__Available data__
---+---
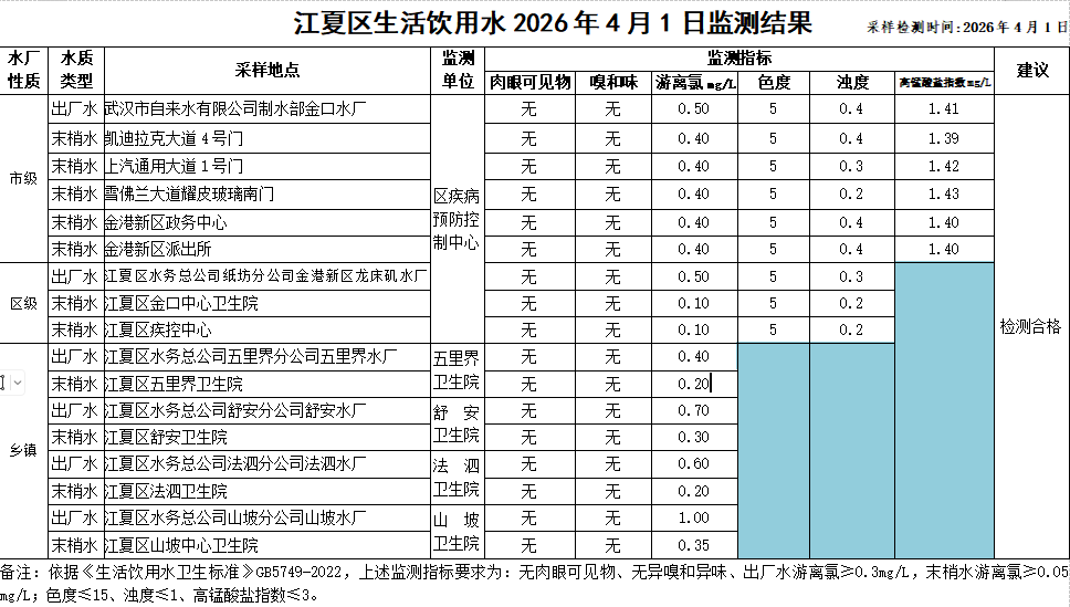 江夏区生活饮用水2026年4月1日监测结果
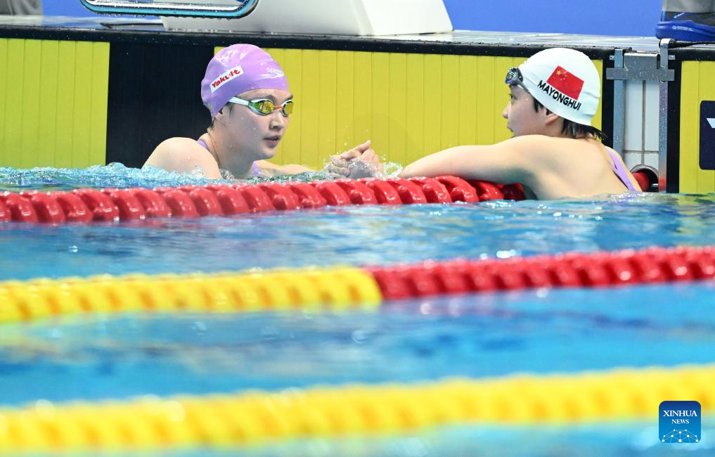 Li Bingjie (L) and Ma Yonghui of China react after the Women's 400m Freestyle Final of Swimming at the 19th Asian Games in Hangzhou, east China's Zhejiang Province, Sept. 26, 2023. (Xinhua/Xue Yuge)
---+---
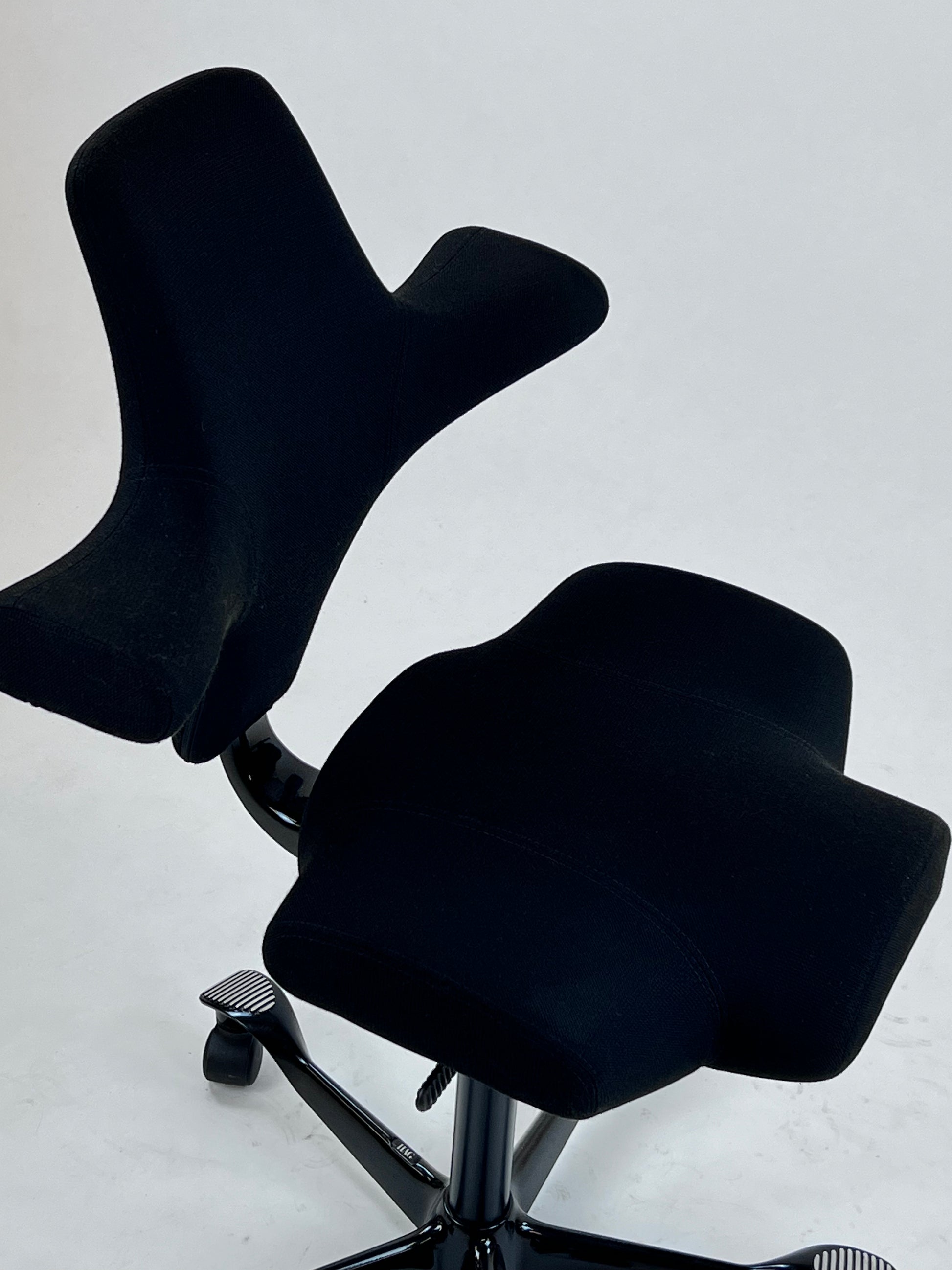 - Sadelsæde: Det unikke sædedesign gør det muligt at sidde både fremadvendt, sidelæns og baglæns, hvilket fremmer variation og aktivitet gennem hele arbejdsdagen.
---+---
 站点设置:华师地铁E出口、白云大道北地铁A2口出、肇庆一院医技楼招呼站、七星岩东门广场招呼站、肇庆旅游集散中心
---+---
__Directions__
Go to the line above holding "江夏区生活饮用水2026年4月1日监测结果", then copy exactly each line down to and including the one holding "Li Bingjie (L)", leaving pictures out.

__Response to this task__
 江夏区生活饮用水2026年4月1日监测结果
 Li Bingjie (L) and Ma Yonghui of China react after the Women's 400m Freestyle Final of Swimming at the 19th Asian Games in Hangzhou, east China's Zhejiang Province, Sept. 26, 2023. (Xinhua/Xue Yuge)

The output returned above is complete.